_Task to carry out_:
The copy you print must match the listing exactly, with its pictures removed.

_Supplied material_:
******
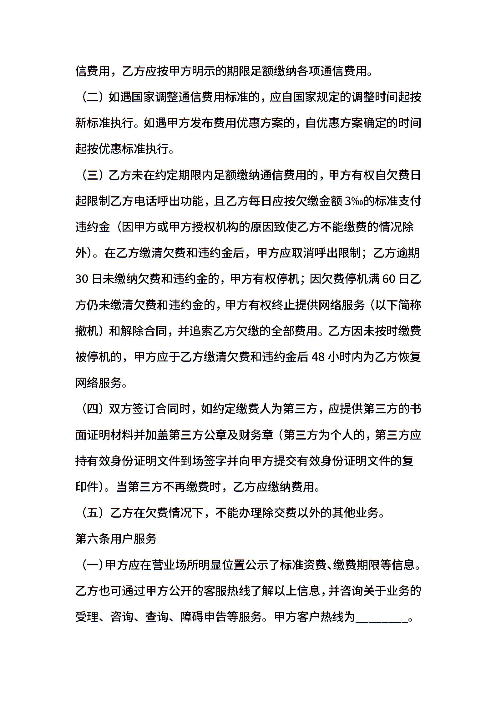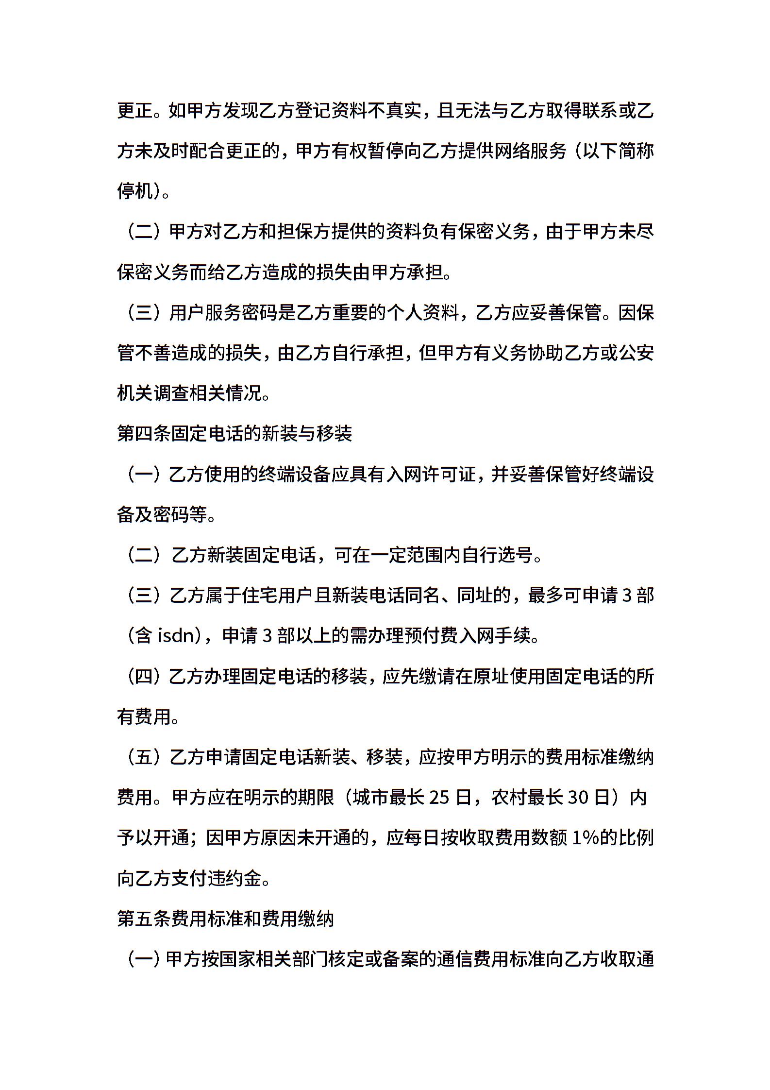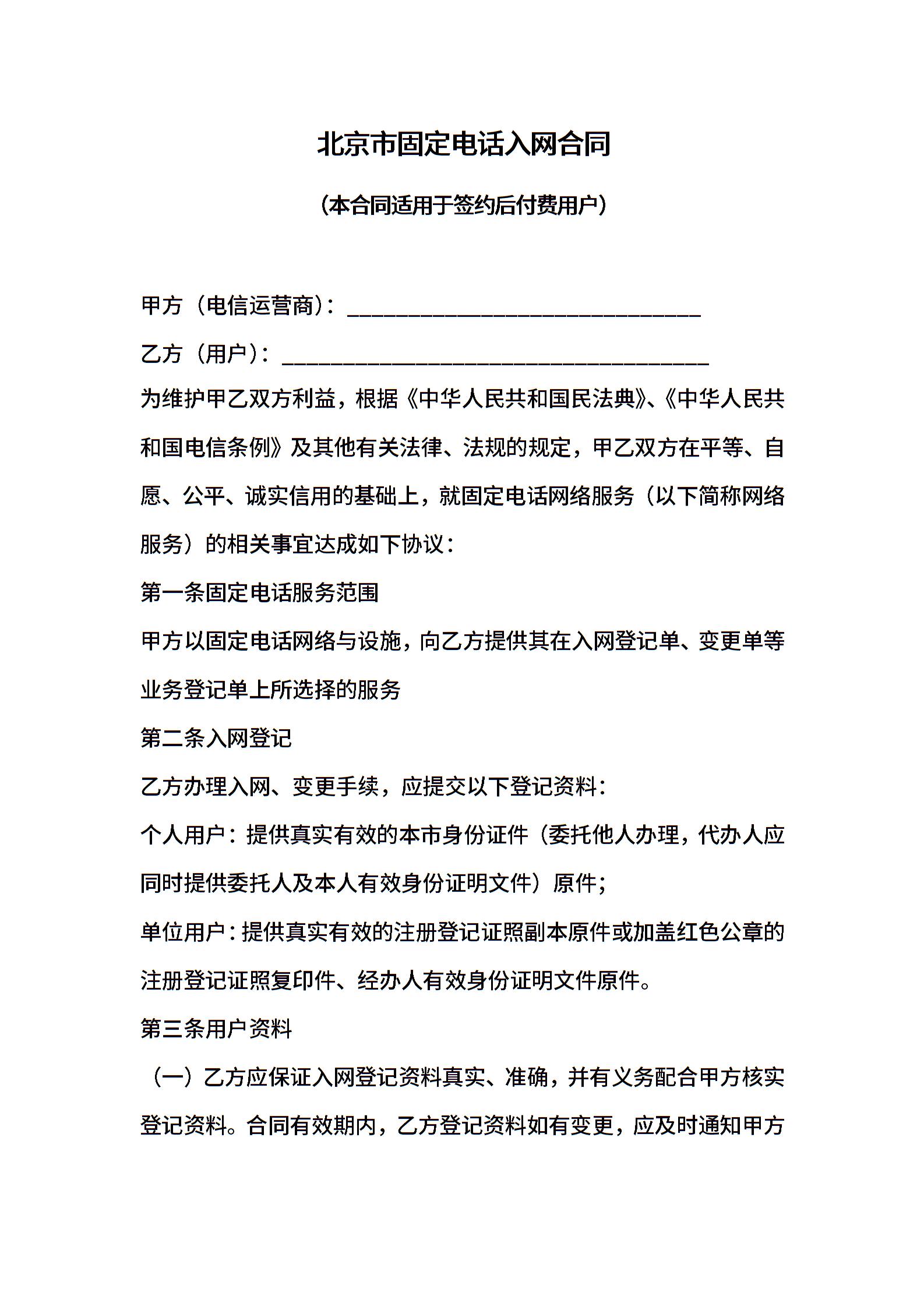 XX市固定电话入网合同(本合同适用于签约后付费用户)
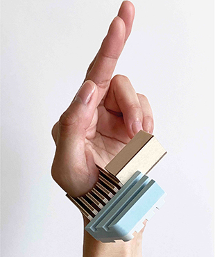 Another artist like Maddy, exploring wearable jewellery, is BA (Hons) Jewellery graduate Michelle Chung. Influenced by the built environment, Michelle sees jewellery as an extension of the human body and as a piece of architecture. She works mainly in jesmonite and plywood to imitate the qualities of the built environment and produces futuristic, urban and unconventional wearable jewellery.
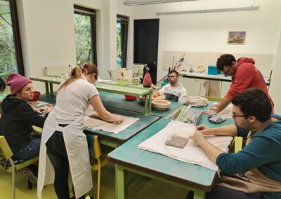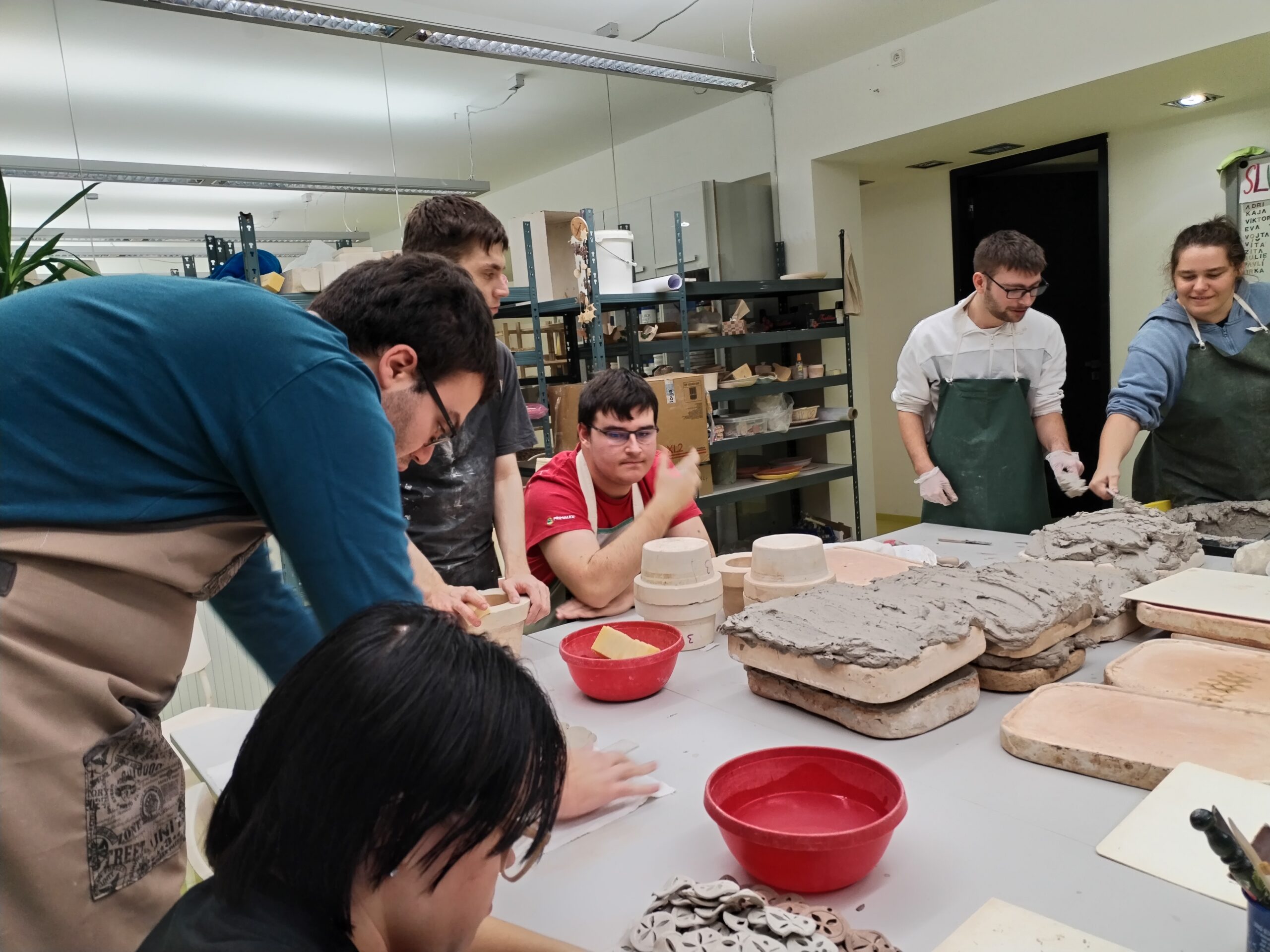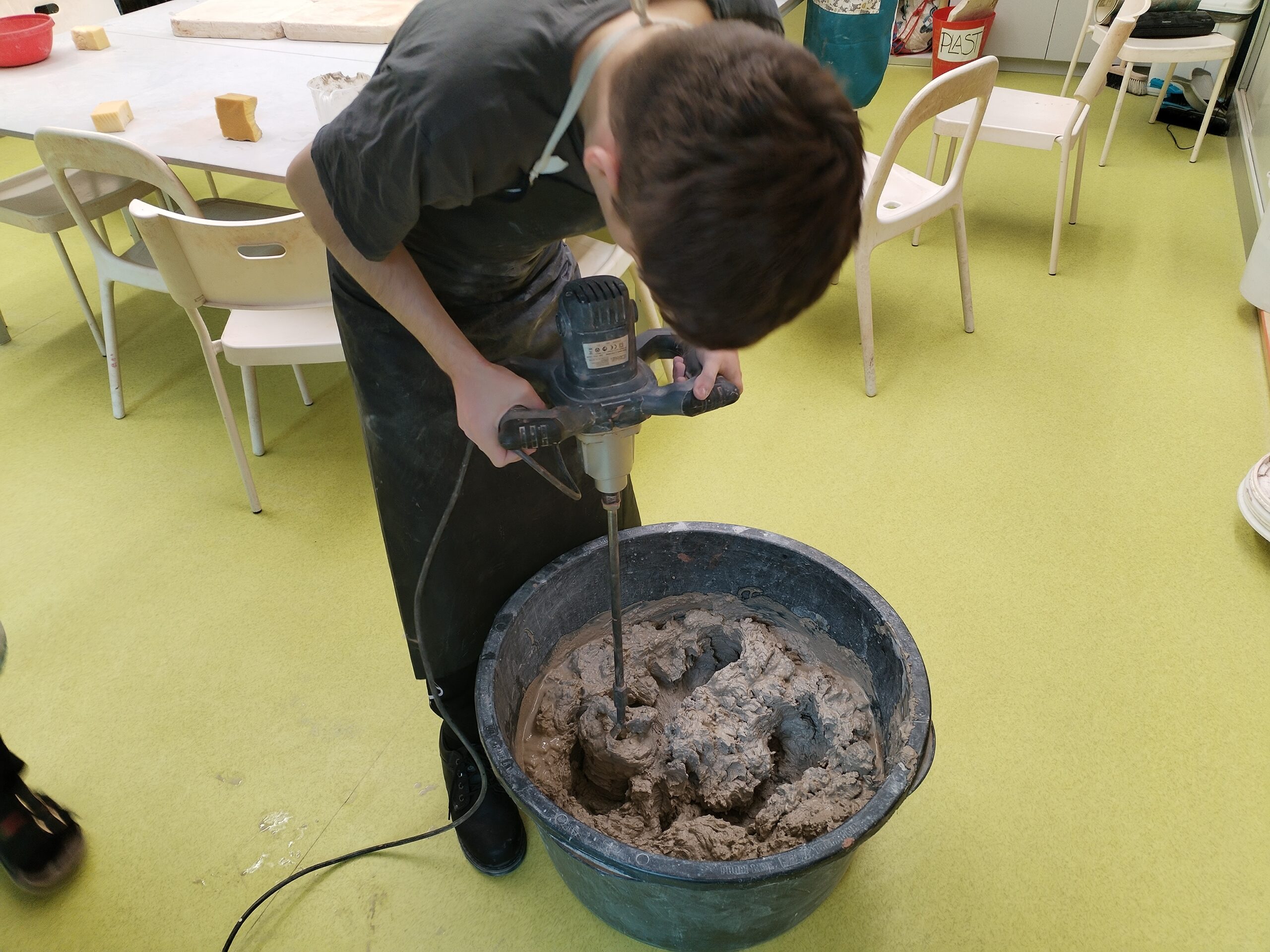 Nezapomněli jsme ani na recyklaci keramické hmoty s ostřivem a potěšila nás i dodávka nové světlé hmoty, díky které šla práce studentům opravdu od ruky. 🙂
******
_Expected answer_:
 XX市固定电话入网合同(本合同适用于签约后付费用户)
 Another artist like Maddy, exploring wearable jewellery, is BA (Hons) Jewellery graduate Michelle Chung. Influenced by the built environment, Michelle sees jewellery as an extension of the human body and as a piece of architecture. She works mainly in jesmonite and plywood to imitate the qualities of the built environment and produces futuristic, urban and unconventional wearable jewellery.
 Nezapomněli jsme ani na recyklaci keramické hmoty s ostřivem a potěšila nás i dodávka nové světlé hmoty, díky které šla práce studentům opravdu od ruky. 🙂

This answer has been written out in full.